MA yankee (Berkshires, MA)
@joan I agree about Tommy Orange’s novel, which I sm reading with my book club. It is excellent and eloquent and the Alcatraz occupation is Important in the book, so seeing these pictures of it and reading this story was perfectly timed.
Carolyn Pasley (Clifton Park, NY 12065)
@joan an incredible novel. Powerful, brutal, hard to bear...
Mark Rosenthal (Santa Barbara, CA)
Treuer's article evokes the heroic rise of the American Indian Movement in the 1970's. While I'm thrilled to see the occupation of Alcatraz remembered, his desire to seem 'balanced ' leads him to inflate tiny details about Dennis Banks and Russell Means into significant misdeeds (as if the mythologies around AIM are just as distorted as the racist narrative America created about its taking of Indian lands). Russell Means taking a Voice Over job is hardly the equivalent of the American army sending in attack helicopters and tanks against women and children at Wounded Knee. Dennis Banks' years' long resistance against the FBI's attempts to murder him are hardly diminished because he gave himself up so he could survive for his family. Dennis' life story is as inspiring as any American figure we celebrate. He was a child when he was kidnapped from his family by authorities who confined him in an 'Indian School' where he wasn't allowed to speak his own language or see his parents. He was sent to prison by police who rounded up Indians in Minneapolis to use as de facto slave labor. And yet Dennis still had the vision to create the American Indian Movement and organize its takeover of the BIA in Nixon's Washington. Banks and Means are 'mythic' warriors unreservedly. No, not perfect. But there's no need to qualify their achievements, in the same way we celebrate Martin Luther King and Malcolm X for taking on the violent racism of the government despite being merely human .
Elaine Bachmann (Carmel, CA)
Do not forget Lenard Peltier
harvey wasserman (LA)
the Indigenous remain at the forefront of the struggle to save our place on this planet. had the europeans come with wisdom and dignity, this would be a very different world.
Frank Knarf (Idaho)
@harvey wasserman Did the Inca consolidate their empire by deploying wisdom and dignity?

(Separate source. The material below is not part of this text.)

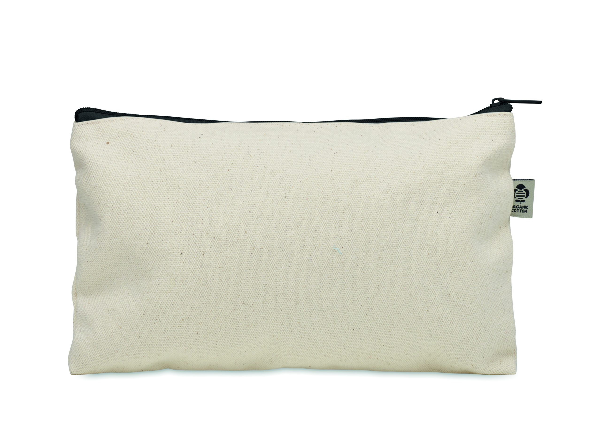 Cosmetic bag in organic cotton with coloured zipper. 340 gr/m².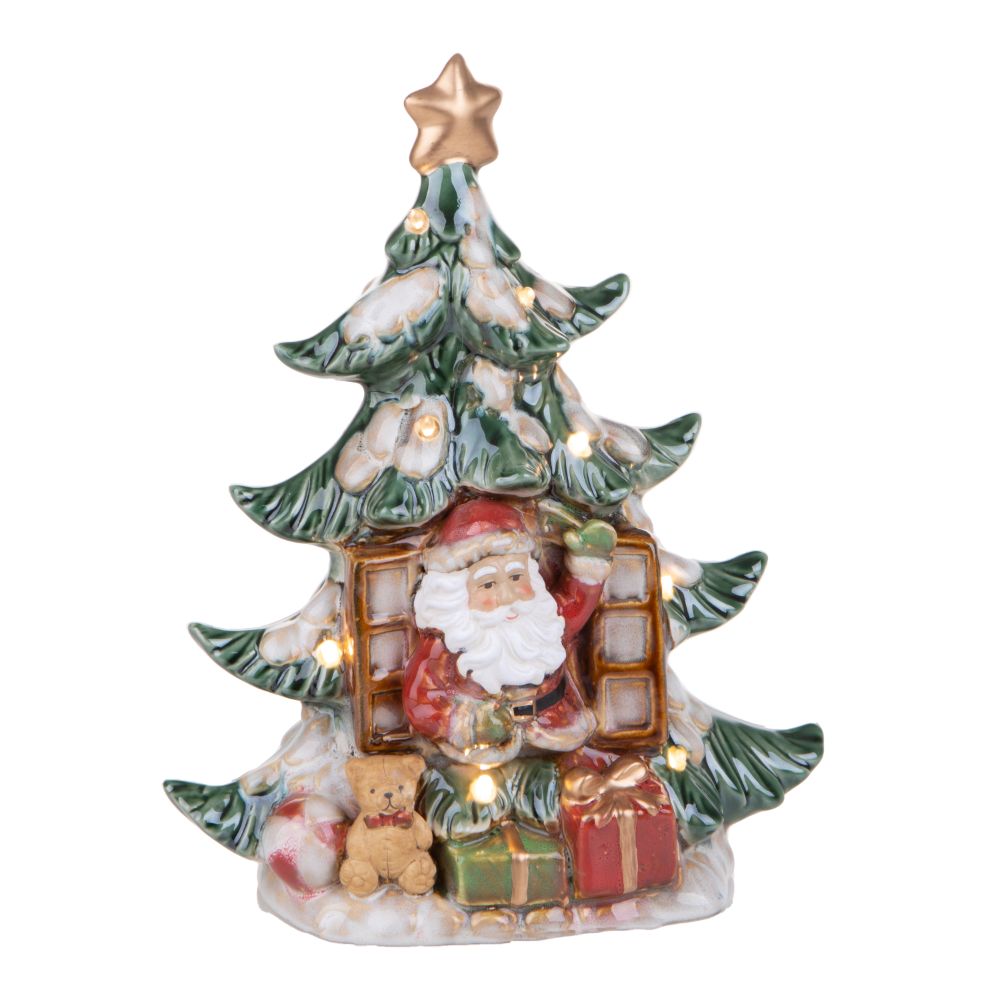 Statuina Babbo Natale con Albero con Led 27 cm in Porcellana

The noble savage myth sure takes a beating and still survives. Does it not occur to you that the Germanic tribes of northwestern Europe were indigenous from the point of view of the Roman Empire?
Pam (Skan)
@harvey wasserman "Wisdom and dignity" are easy to prescribe in hindsight. The Europeans came with what they had at the time: monarchies competing for empire through settler colonialism, extraction economies, and military power, all divinely backed by a papal mandate promulgated as the Doctrine of Discovery, aka planting the flag for Jesus. This context helps to explain their primitive and violent treatment of the Western Hemisphere.
Tortuga (Headwall, CO)
It is too bad that the All Tribes group did not succeed. I remember as a kid being fascinated by their occupation. With a bit more organization and luck, seems like they could have succeeded. Alcatraz now is most remembered for its film roles. Doubt many folks remember the All Tribes. Hopefully this article reignites interest in them.
Glen (Pleasantville)
@Tortuga Of course interest is going to reignite. In the last decade we lost John Trudell, Russel Means, Dennis Banks... White America gets really nostalgic about Indians once they are safely dead.
dg (nj)
@Tortuga Perfect combination: a film about All Tribes and the occupation. (I would vote for documentary, but could live with fictionalized if it gets more people into theaters.)
w.j. (ny)
@dg smae goes on in the arctic of Canadians north... reservations close to population centers ... like oka, kanasatake... move visible... but still same problems... Canada no different.